:: Supplied information
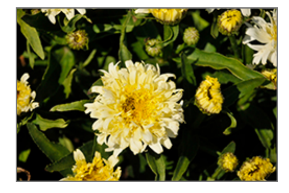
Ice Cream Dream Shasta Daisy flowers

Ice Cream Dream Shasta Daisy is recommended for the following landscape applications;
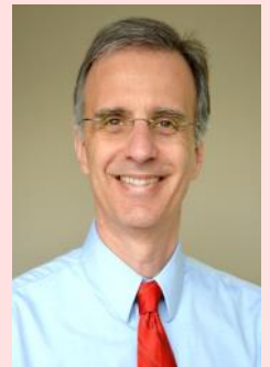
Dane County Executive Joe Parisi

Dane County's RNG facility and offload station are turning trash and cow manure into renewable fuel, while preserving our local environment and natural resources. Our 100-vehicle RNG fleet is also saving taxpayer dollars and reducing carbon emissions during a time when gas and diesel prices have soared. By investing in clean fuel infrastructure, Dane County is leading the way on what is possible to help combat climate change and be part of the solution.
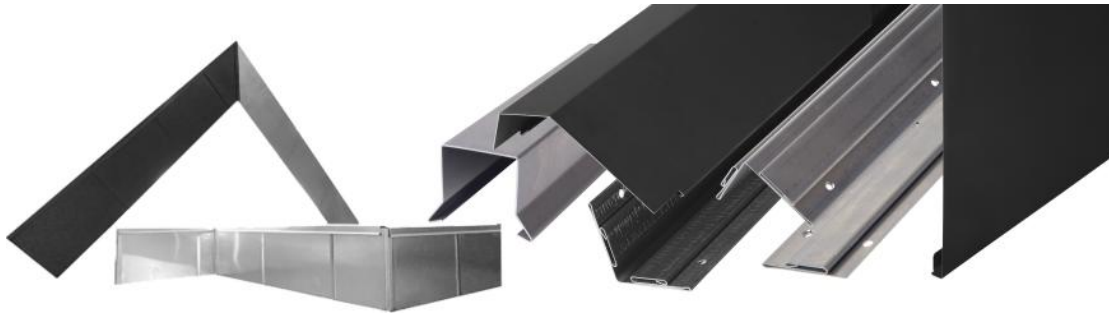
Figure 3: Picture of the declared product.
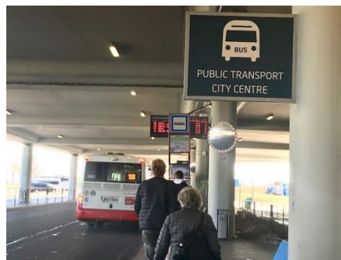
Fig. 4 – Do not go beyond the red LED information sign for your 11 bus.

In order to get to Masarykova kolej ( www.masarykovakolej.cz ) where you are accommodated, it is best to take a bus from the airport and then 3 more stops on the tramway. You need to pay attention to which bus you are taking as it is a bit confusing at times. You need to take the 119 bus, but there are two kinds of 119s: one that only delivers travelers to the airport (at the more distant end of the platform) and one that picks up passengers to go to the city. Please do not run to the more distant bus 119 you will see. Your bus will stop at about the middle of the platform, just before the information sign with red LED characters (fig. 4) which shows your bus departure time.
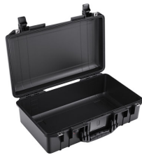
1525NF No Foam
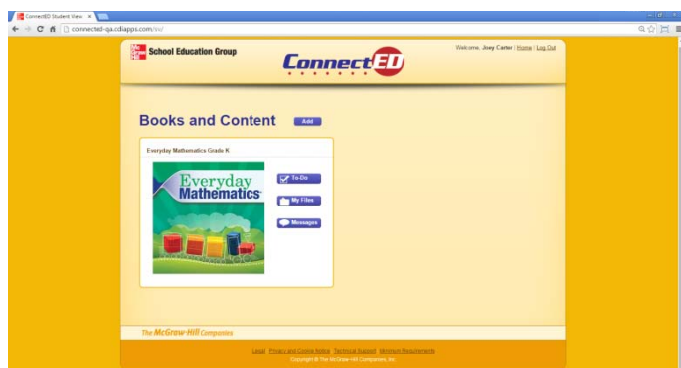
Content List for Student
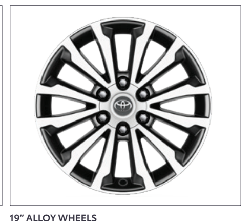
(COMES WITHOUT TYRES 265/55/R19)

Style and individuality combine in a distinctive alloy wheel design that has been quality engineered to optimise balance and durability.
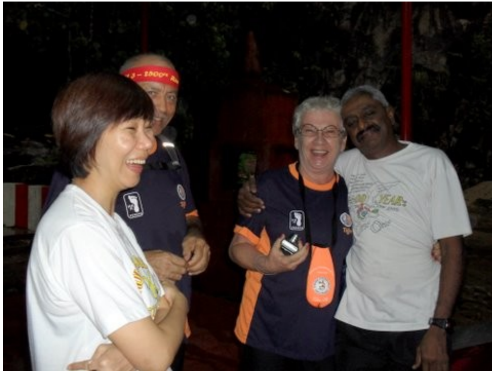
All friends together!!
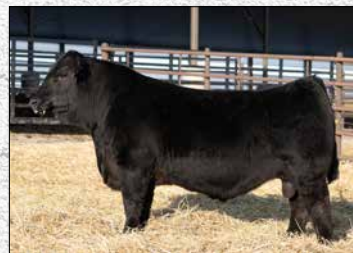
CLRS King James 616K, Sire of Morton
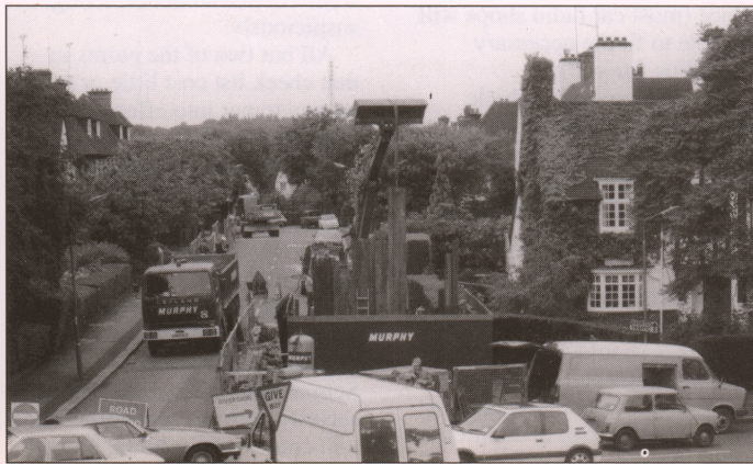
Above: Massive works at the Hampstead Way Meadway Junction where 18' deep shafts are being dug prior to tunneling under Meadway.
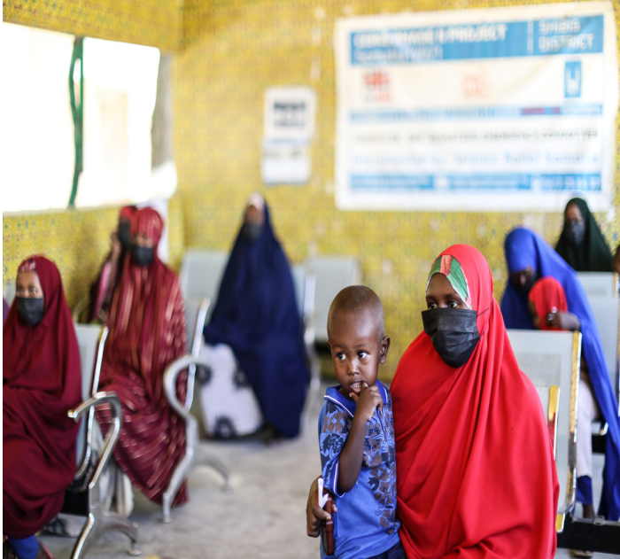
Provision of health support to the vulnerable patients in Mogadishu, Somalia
::::
(Exercise requirements): An exact copy is required of the lines from the one holding "Content List for Student" to the end of the entries above, both included; no pictures belong in it.

(Result of this exercise):
Content List for Student
(COMES WITHOUT TYRES 265/55/R19)

Style and individuality combine in a distinctive alloy wheel design that has been quality engineered to optimise balance and durability.
All friends together!!
CLRS King James 616K, Sire of Morton
Above: Massive works at the Hampstead Way Meadway Junction where 18' deep shafts are being dug prior to tunneling under Meadway.
Provision of health support to the vulnerable patients in Mogadishu, Somalia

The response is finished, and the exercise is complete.